→ DATASET CONTENT:
----------------

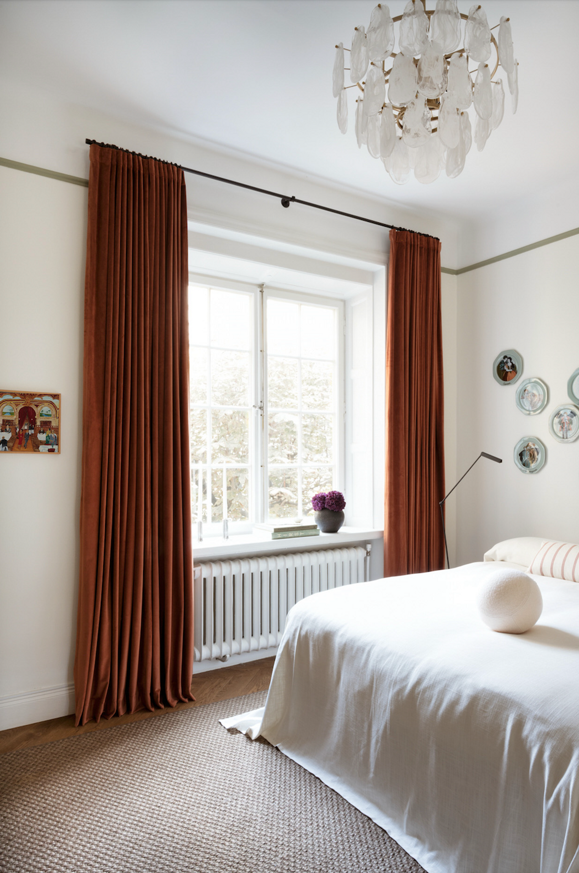 Go for one statement detail in color, like a curtain, carpet or piece of furtiture, instead of adding many small details, like vases and pillows. It might feel scary, but the final result is often more coherent!
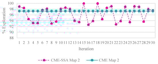 Low map coverage was recorded for the deterministic CME over the five complex maps (Figure 7, Figure 8, Figure 9, Figure 10 and Figure 11). This algorithm could not complete the full 100 iterations on any of them, possibly due to neighbor cells being occupied by obstacles and another robot. Because of the nature of the deterministic algorithm, when given a specific input, it will always produce the same output passing through the same set of states; therefore, improvement in the next iteration cannot happen. In contrast, it is evident from Figure 7, Figure 8, Figure 9, Figure 10 and Figure 11 that the proposed hybrid stochastic CME-SSA approach produces better results than the other meta-heuristic hydride techniques: CME-GWO, CME-GWOSSA, and CME-SCA.
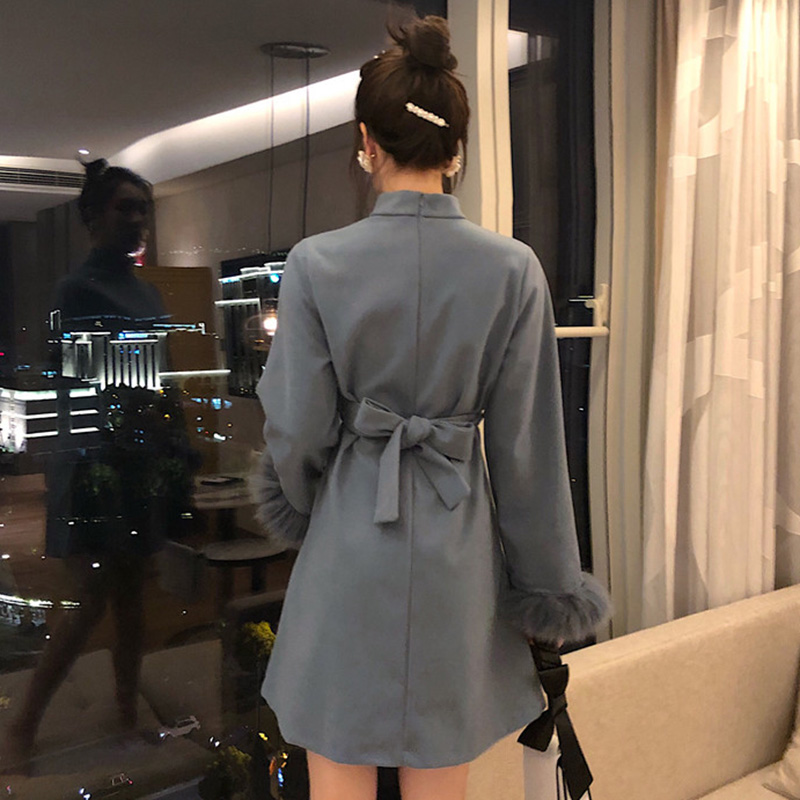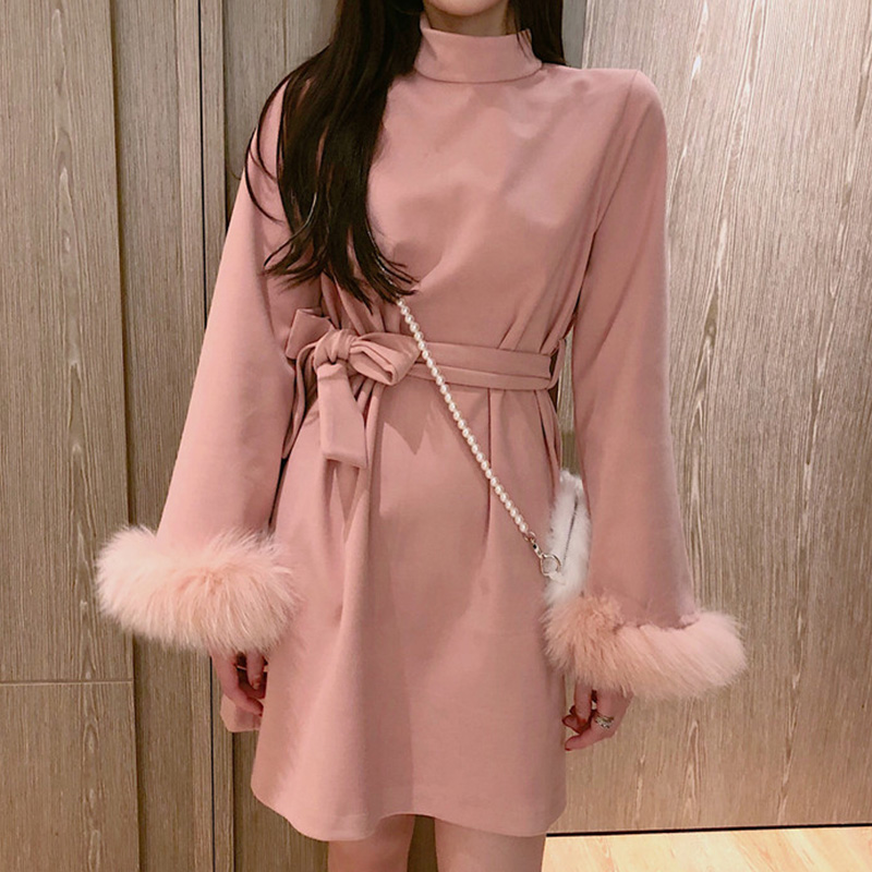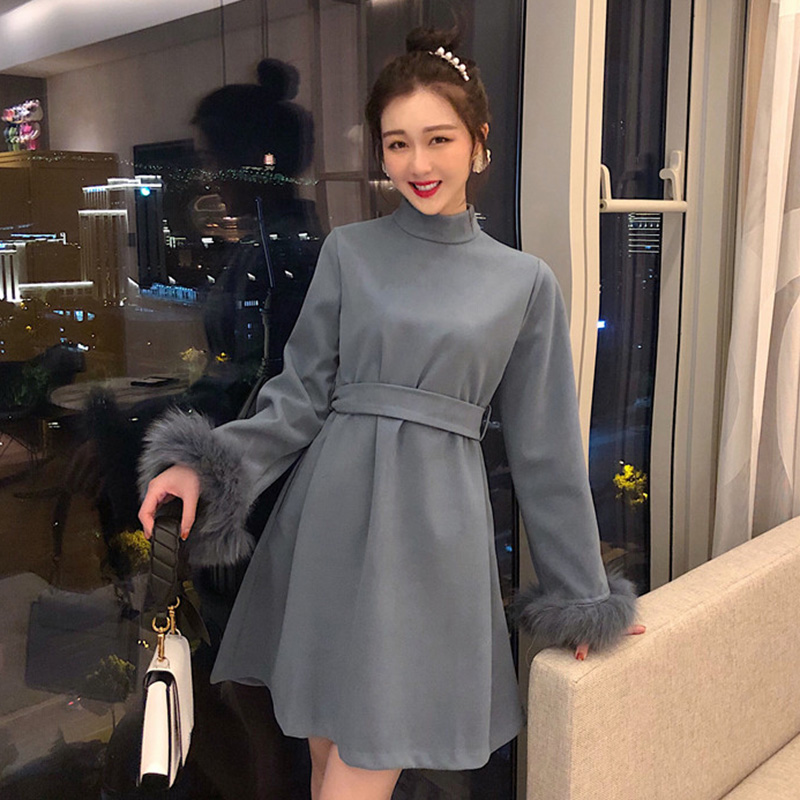 / 小高領呢子連衣裙秋裝女2018新款收腰A字短裙寬松毛毛長袖桔梗裙

----------------

→ BRIEF: Only the text of the listing should be returned, exactly and in full; no image goes into the copy.

→ ANSWER BOX:
 Go for one statement detail in color, like a curtain, carpet or piece of furtiture, instead of adding many small details, like vases and pillows. It might feel scary, but the final result is often more coherent!
 Low map coverage was recorded for the deterministic CME over the five complex maps (Figure 7, Figure 8, Figure 9, Figure 10 and Figure 11). This algorithm could not complete the full 100 iterations on any of them, possibly due to neighbor cells being occupied by obstacles and another robot. Because of the nature of the deterministic algorithm, when given a specific input, it will always produce the same output passing through the same set of states; therefore, improvement in the next iteration cannot happen. In contrast, it is evident from Figure 7, Figure 8, Figure 9, Figure 10 and Figure 11 that the proposed hybrid stochastic CME-SSA approach produces better results than the other meta-heuristic hydride techniques: CME-GWO, CME-GWOSSA, and CME-SCA.
 / 小高領呢子連衣裙秋裝女2018新款收腰A字短裙寬松毛毛長袖桔梗裙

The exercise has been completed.